Kyrascope Toy Reviews

Kyra Kanojia, 8, Noida (11,000 subscribers)

From unboxing to assembling augmented-reality toys, Kyra has uploaded about 150 videos in the last two-and-a-half years. “I’m called the toy expert among my friends,” she says.
From unboxing to assembling augmented-reality toys, Kyra has uploaded about 150 videos in the last two-and-a-half years. “I’m called the toy expert among my friends,” she says.

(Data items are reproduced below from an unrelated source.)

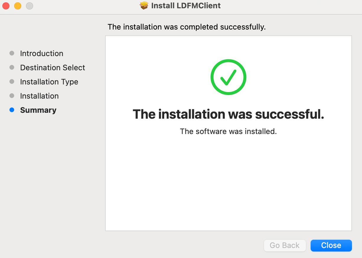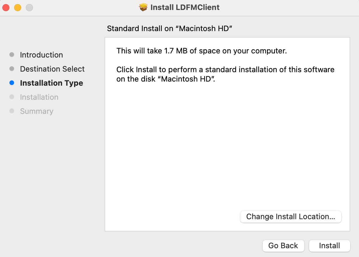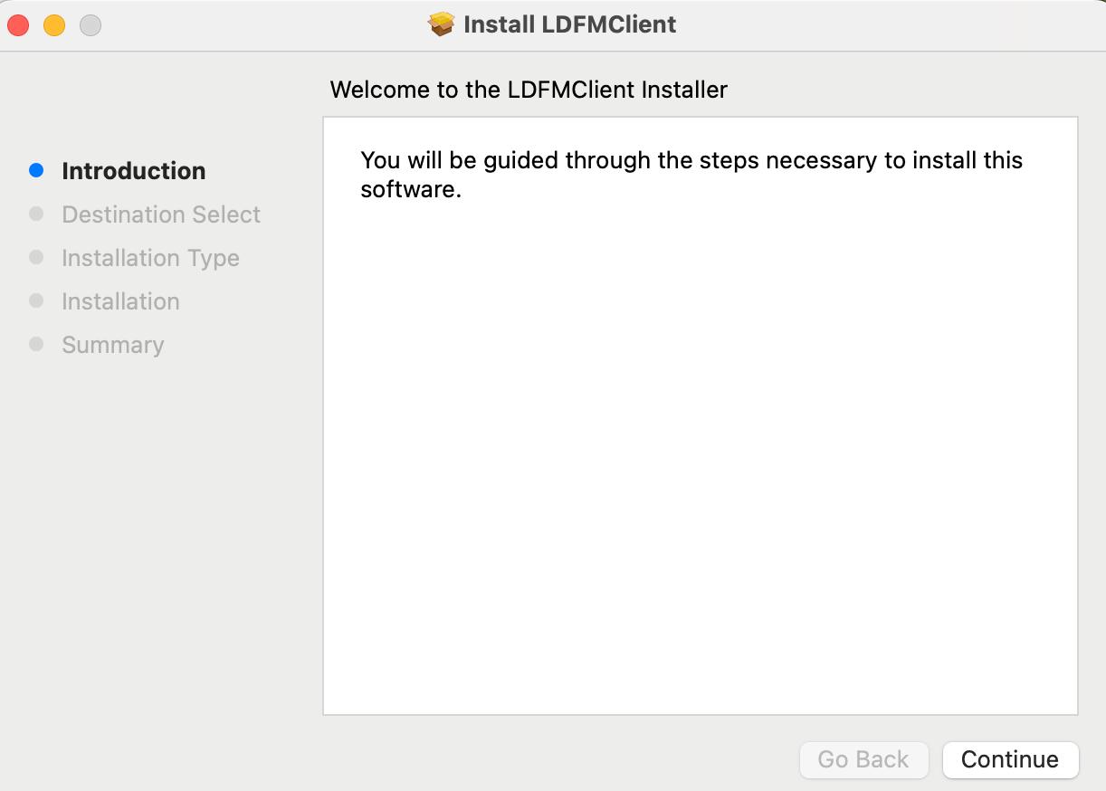 the installation package, which contains the LDFMClient.pkg
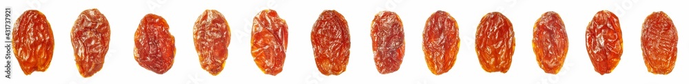 Dried raisins assortment isolated on white background, selective focus.
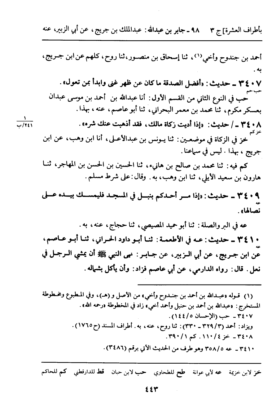 3410 - حَدِيثُ (عه) : (عه) فِي الأَطْعِمَةِ: ثنا أَبُو دَاوُدَ الْحَرَّانِيُّ، ثنا أَبُو عَاصِمٍ، عَنِ ابْنِ جُرَيْجٍ، عَنْ أَبِي الزُّبَيْرِ، عَنْ جَابِرٍ: نَهَى النَّبِيُّ صَلَّى اللَّهُ عَلَيْهِ وَسَلَّمَ أَنْ يَمْشِيَ الرَّجُلُ فِي نَعْلٍ. قَالَ: رَوَاهُ الدَّارِمِيُّ، عَنْ أَبِي عَاصِمٍ، فَزَادَ: وَأَنْ يَأْكُلَ بِشِمَالِهِ.
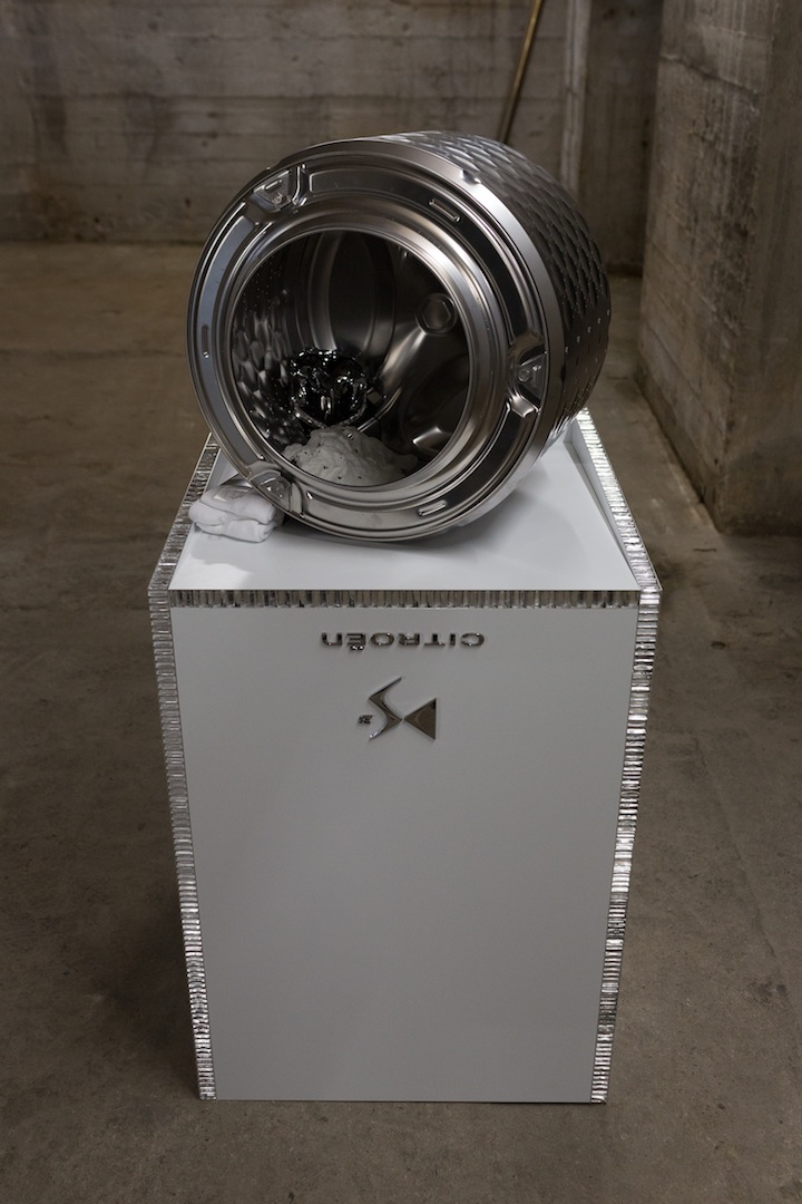 The exhibition is broadly divided between these poles. Here, it presents either a tongue-in-cheek reproduction of commercial imagery, construed in an ironic repositioning putting our everyday experience of advertising into stark relief as in Thie’s piece –but also Yngve Holen’s sculptural work ‘Sensitive 2 Detergent’ (2012) and Josephine Meckseper’s video ‘Mall of America’ (2009) –or more academic and researched musings on particular political events and theories.
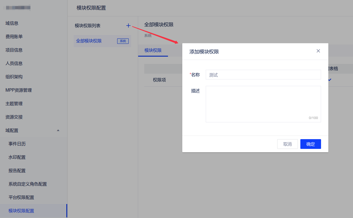 步骤一:以域管理员或域主身份进入[平台管理]-[域配置]-[模块权限配置],添加一个模块权限
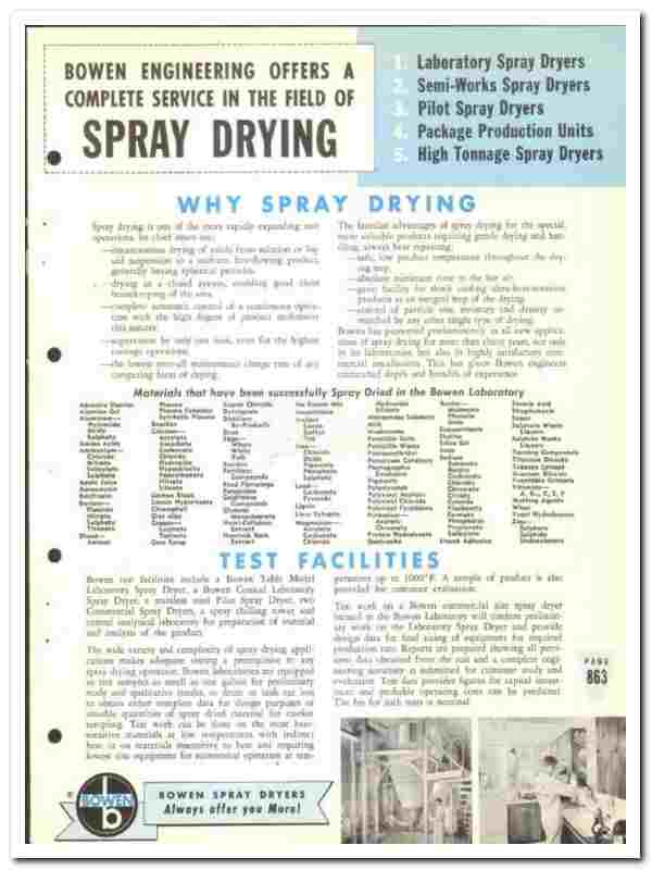 Bowen Engineering Inc 1960 vintage industrial catalog Spray Drying

Manish Kanojia, 42, a creative director in a tech company, knew his daughter Kyra, loved playing with toys like any other five-year-old. But what was amusing was how she insisted on assembling it first, even when she couldn’t really read the instructions. “She said it’s because she’d seen other kids assembling their toys on YouTube,” he says. “What was more interesting is that she would stop to explain what she was doing and she had patience that most kids that age don’t have,” he says. He asked her if she wanted to feature in a YouTube channel and started Kyrascope Toy Reviews in 2016.

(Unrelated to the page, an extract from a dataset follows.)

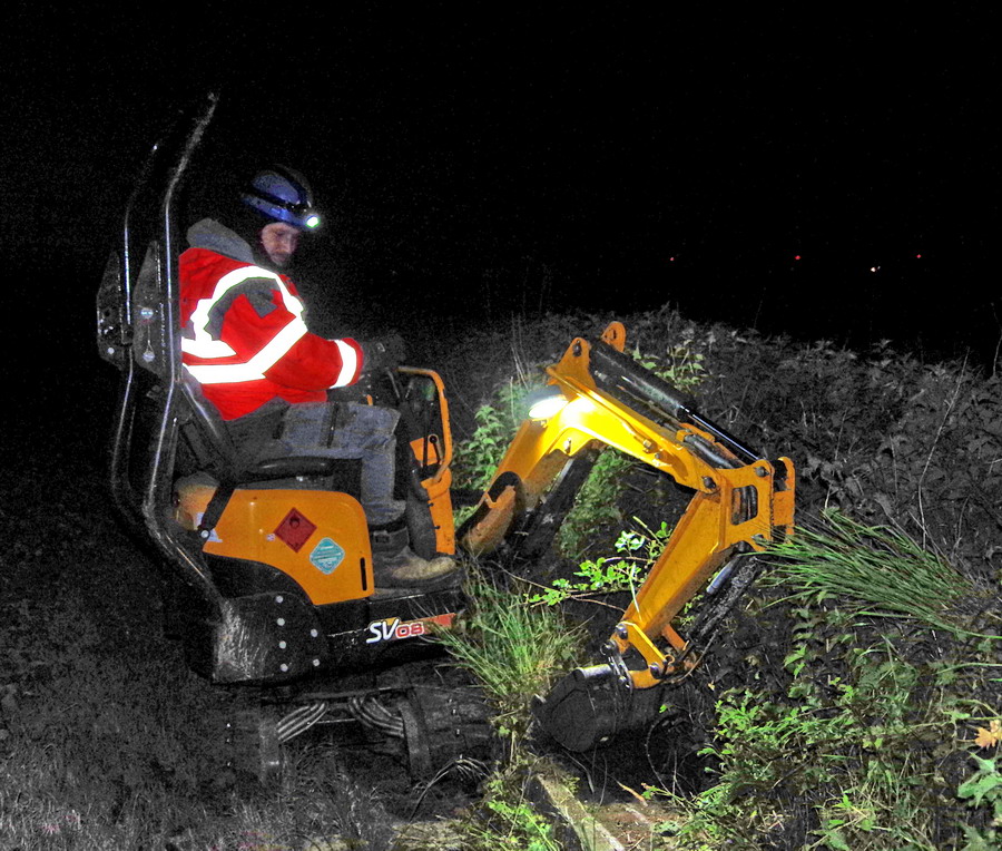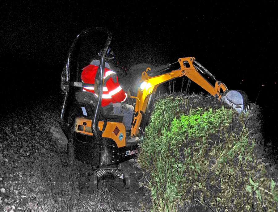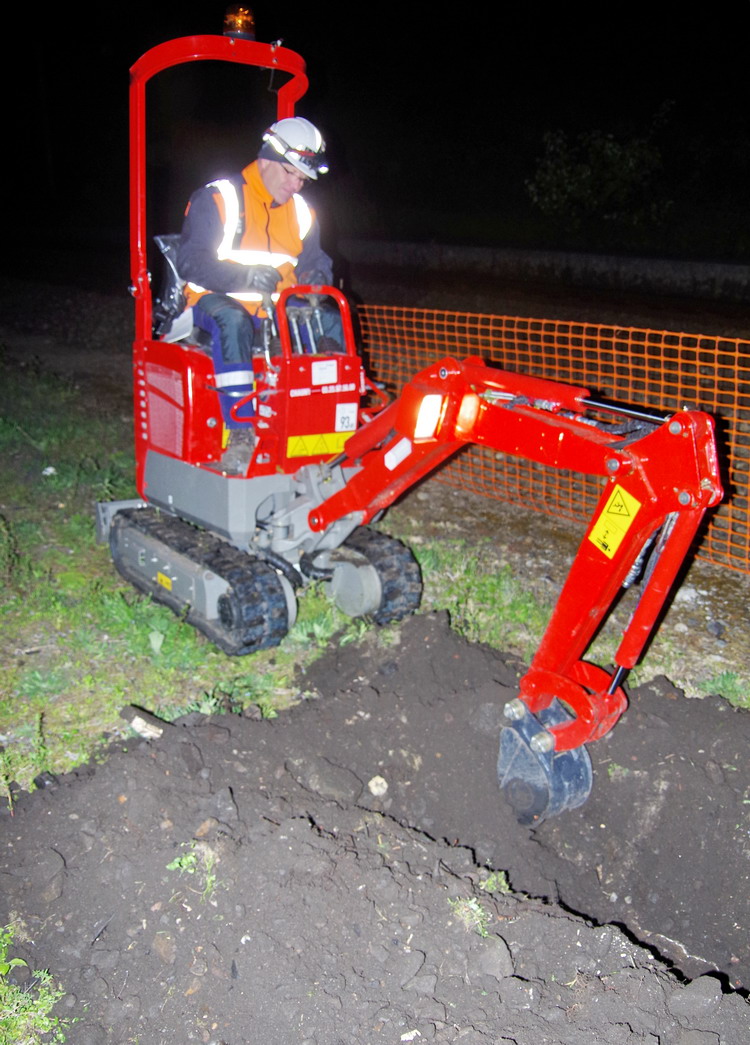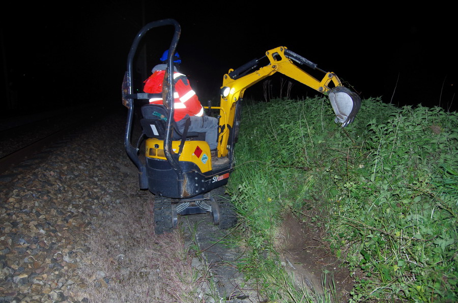 travaux préparatoires pour poser le câble de la fibre optique nuit du 14 au 15-05-2019 au niveau du PN 67 à Essigny-le-Grand (02)

From unboxing videos, to videos on assembling augmented-reality toys, Kyra has uploaded around 150 videos in the last two and half years. “I’m called the toy expert among my friends,” she claims. “Every time someone wants a new toy they ask me if it’s worth the purchase and I feel really nice about it,” she says. Kyra has also received a note of appreciation from her school for her entrepreneurial efforts.

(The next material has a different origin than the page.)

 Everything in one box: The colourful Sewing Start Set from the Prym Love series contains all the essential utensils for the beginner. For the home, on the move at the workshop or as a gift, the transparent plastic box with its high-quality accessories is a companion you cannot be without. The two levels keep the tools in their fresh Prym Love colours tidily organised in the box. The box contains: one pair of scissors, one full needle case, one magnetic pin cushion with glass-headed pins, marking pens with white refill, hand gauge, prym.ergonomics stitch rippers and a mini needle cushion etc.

“Our weekly shooting sessions are a father-daughter bonding time,” says Kanojia. “The best part of being a child toy reviewer is she can’t be dishonest, her displeasure just shows on her face.” If a toy isn’t fun, if it is too tough or too easy she loses interest and will be visibly upset, he explains.

Initially, viewers would criticise her English pronunciations. “I would respond saying she is after all only a child,” he says. The most worrisome was when someone in school told her that being famous means you may get kidnapped. Her parents had to then explain to her that nothing of that sort would happen. “These are things you need to brace a kid for,” says Kanojia.